- Education: Northern Illinois University (BFA) Saint Xavier University (MA)
- Occupations: Actress; singer;
- Years active: 2006–present
- Spouse: Nick Placek
- Children: 3

= Christine Sherrill =

American musical theatre actress

Christine McMahon Sherrill is an American actress and singer known for her work in musical theatre. She portrayed the role of Donna Sheridan in the 2025 Broadway revival of Mamma Mia!. She had previously played the role of Donna in the North American Tour.

Sherrill is a graduate of Streamwood High School. She studied music education at Northern Illinois University and went on to earn a master of education from Saint Xavier University.
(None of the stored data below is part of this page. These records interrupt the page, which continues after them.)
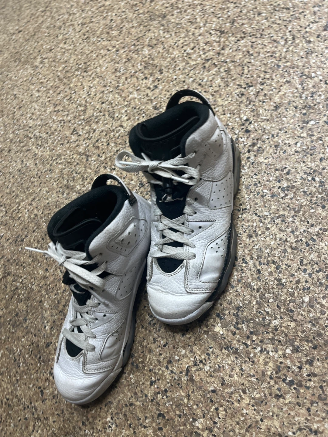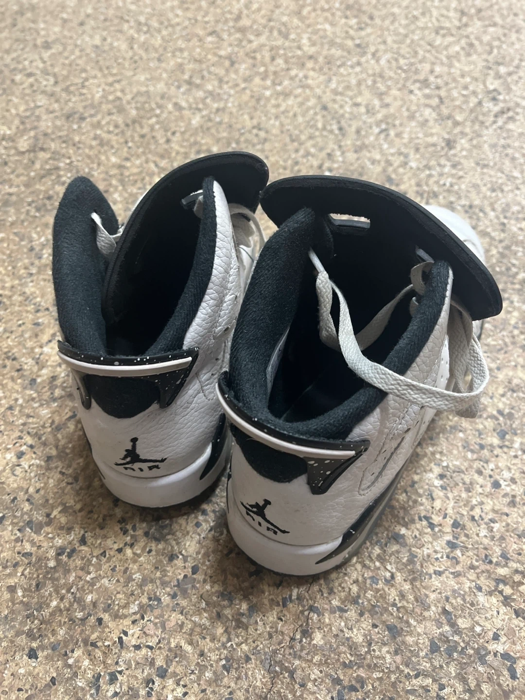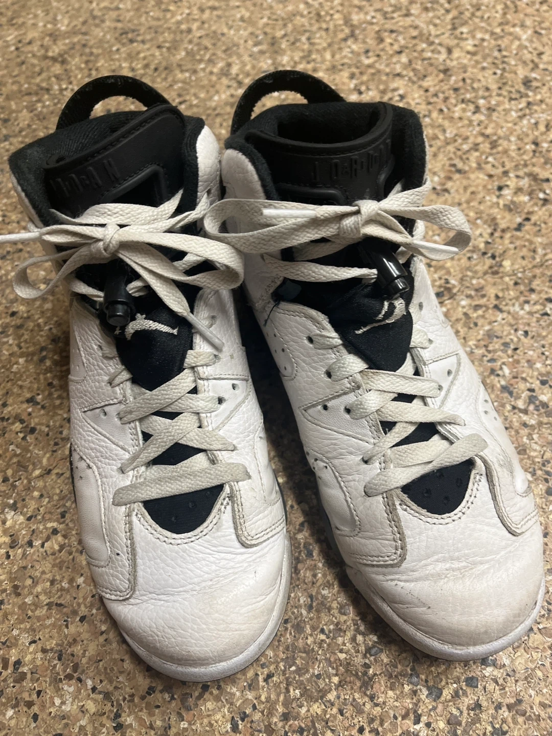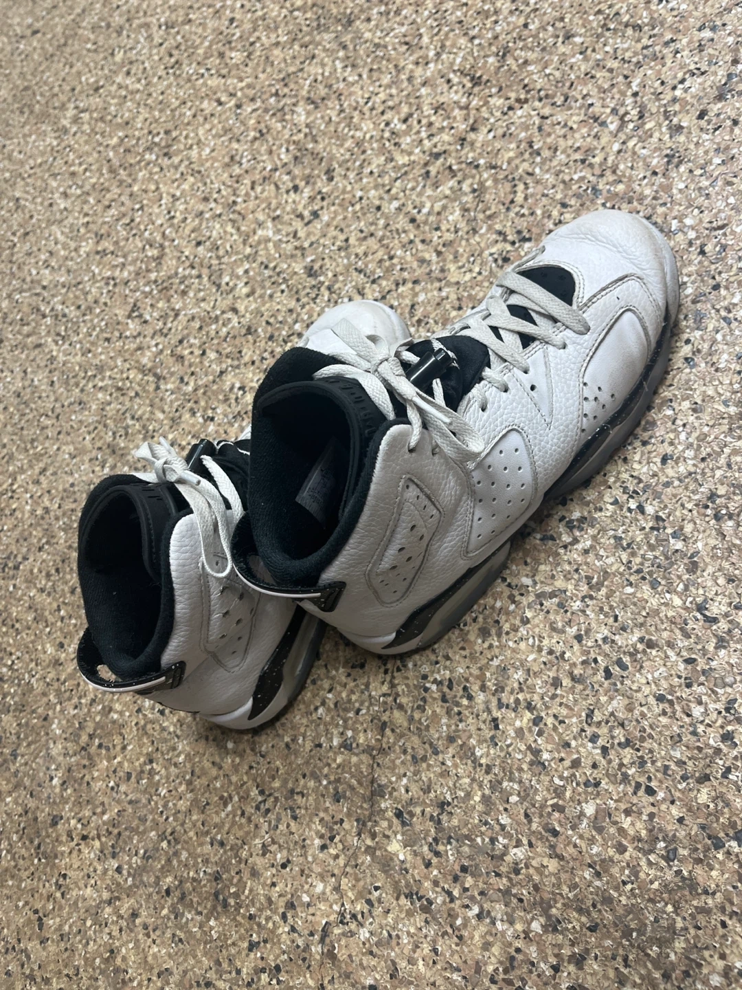 Classic white and black Air Jordan 6 Retro sneakers. Leather upper with perforations. Speckled midsole detail. These kicks are ready for their next adventure!
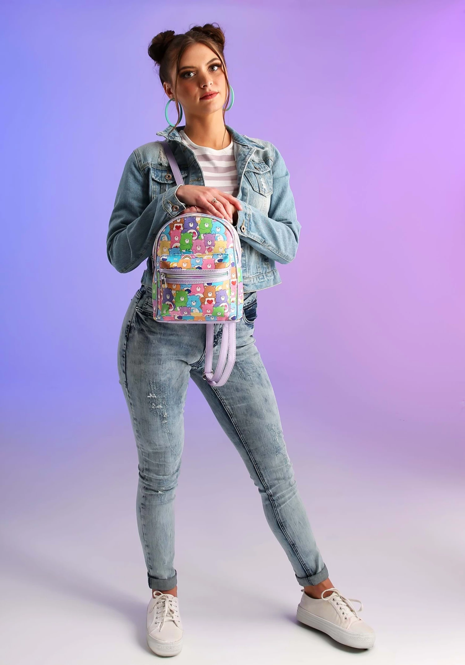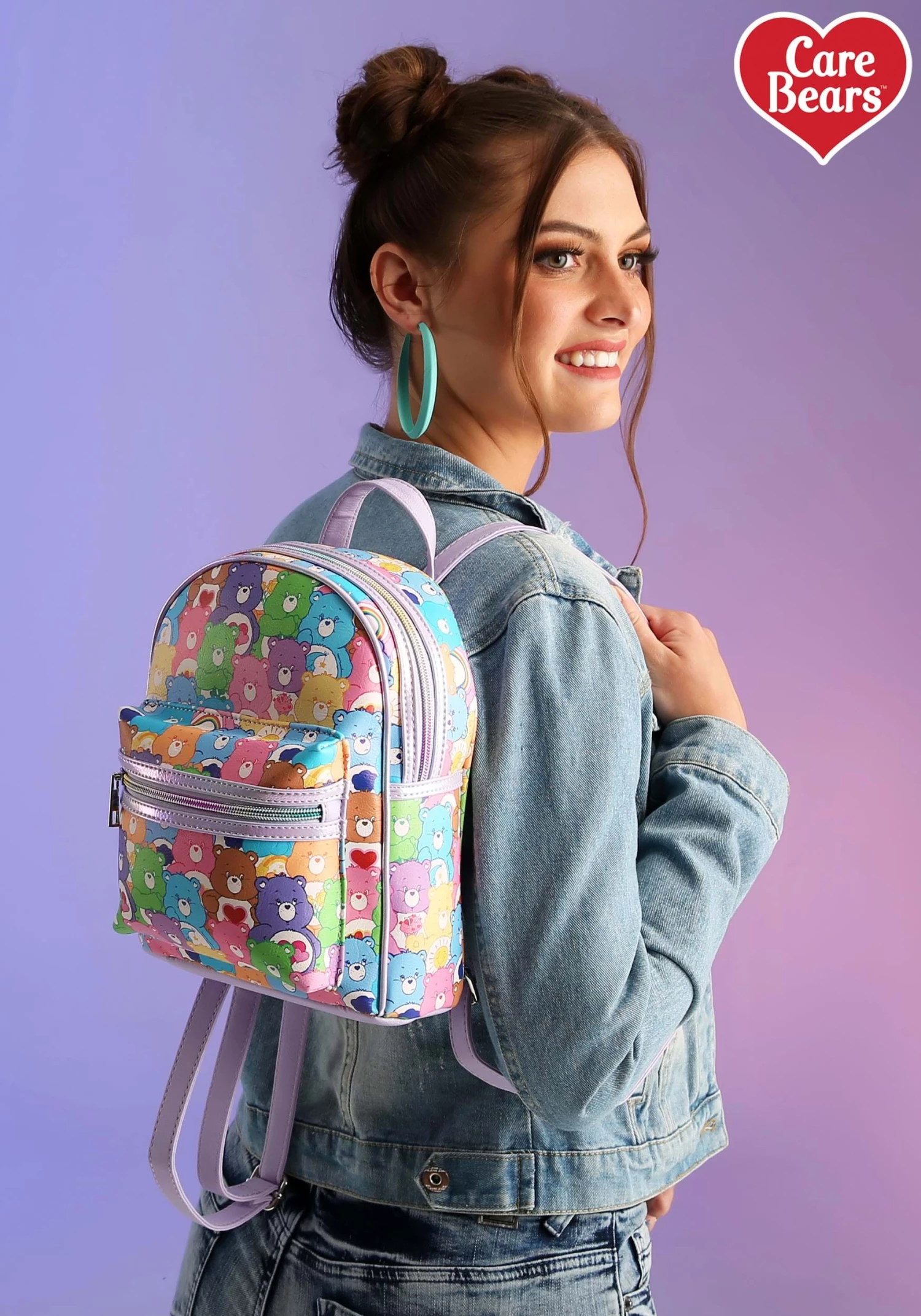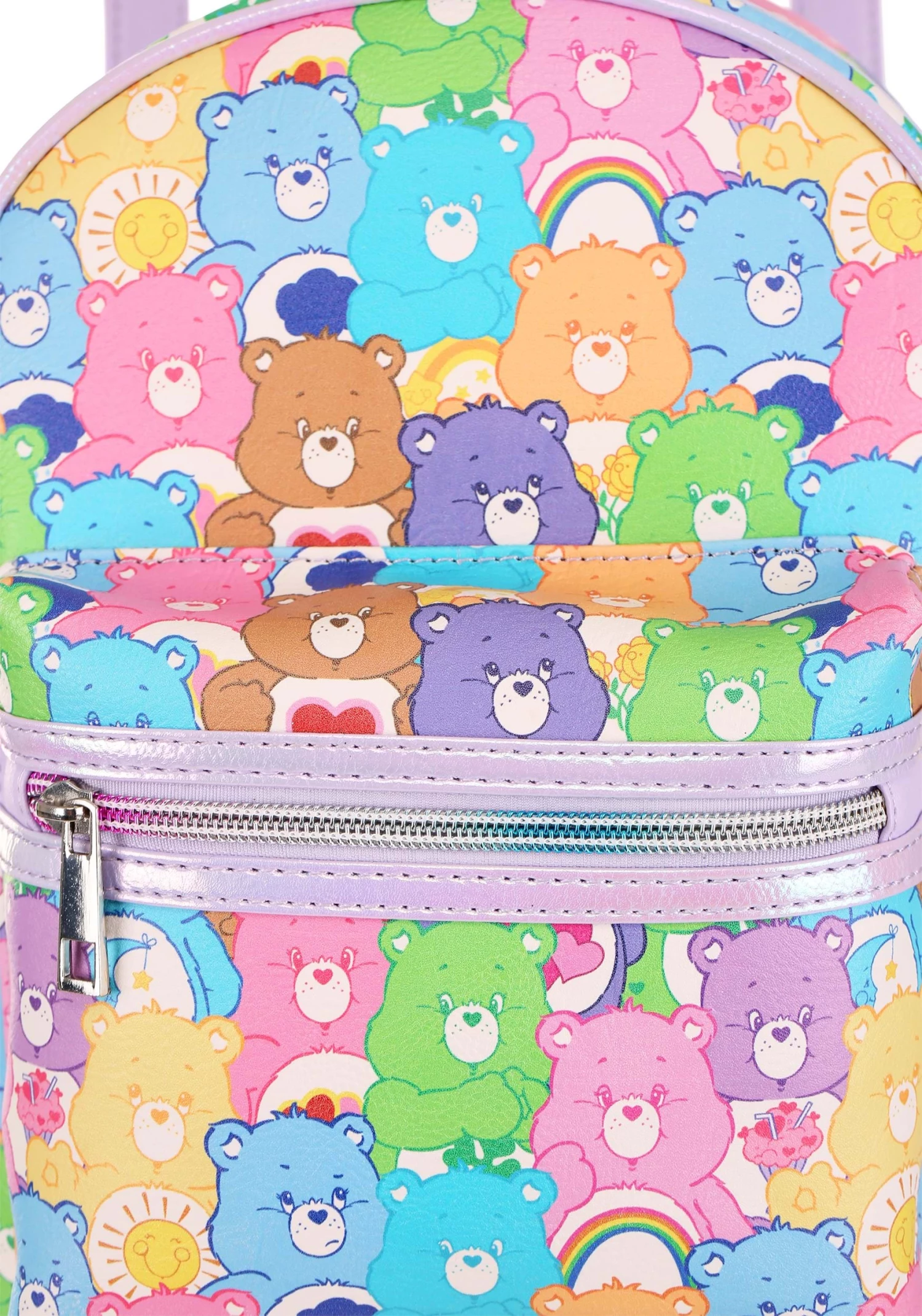 The Care Bears have a secret weapon! When the villains of the world try to spread their evil ways across the land, the bears band together and perform the Care Bear Stare. Their belly badges light up and they stave off the latest evil scheme! Now, the Care Bears are banding together once again… on a backpack! This Care Bears All Over Print Mini Backpack combines the powers of the Care Bears into an amazing accessory that you can bring on any adventure.
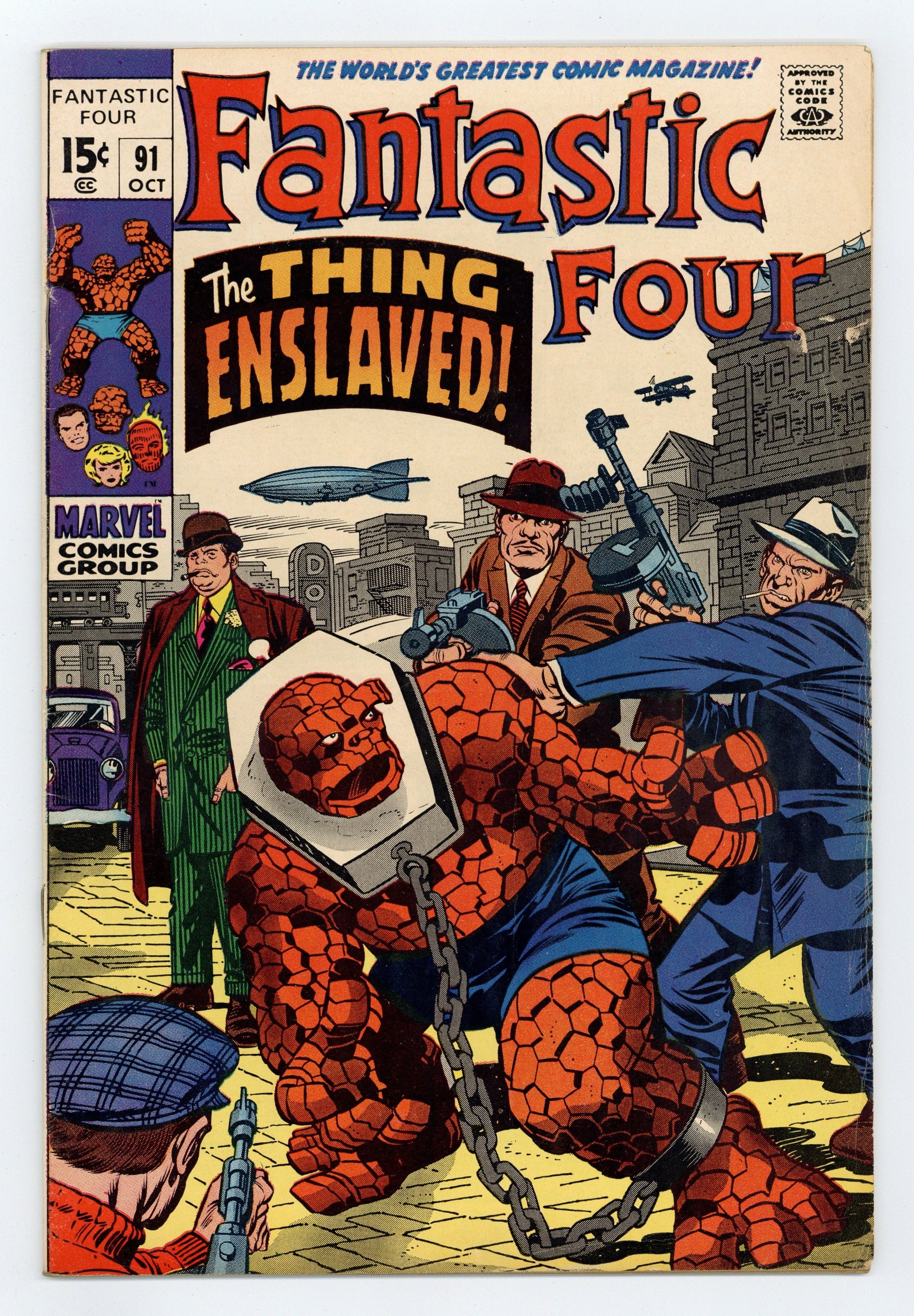 "The Thing Enslaved!" Part 2 of 4. Script by Stan Lee. Pencils by Jack Kirby. Inks by Joe Sinnott. Cover by Jack Kirby and Joe Sinnott. Millions of miles from Earth, Ben Grimm is a prisoner of the Skrulls! What diabolical destiny do the Skrulls have planned for Aunt Petunia's nephew? How about turning the Thing into a modern day Roman gladiator! But before the Thing takes his turn in the ring, he's sold into slavery to a Roaring 20's gangster! What in the world, make that what in the galaxy is going on?! Is the strongest member of the Fantastic Four lost in both time and (outer) space? First appearance of Torgo. Cameo appearances by Alicia Masters, Crystal, and Franklin. (Note: The letters page includes a letter from comics writer Don McGregor.) 36 pages Cover price $0.15.

She originally intended on becoming a music therapist.

Sherrill is known for her work in the Chicago area, and has been nominated for three Jeff Awards, winning Best Lead Actress in a Musical for her performance as Norma Desmond in Sunset Boulevard in 2013 at the Drury Lane Oakbrook Terrace Theatre. She was also nominated for her performance as Lina Lamont in Singin in the Rain and for the role of Celeste in the original musical Once Upon a Time in New Jersey at the Marriott Theatre. In 2015, she starred alongside Carmen Cusack and Faith Prince in the musical version of First Wives Club.

She is married to Nick Placek with whom she has three sons.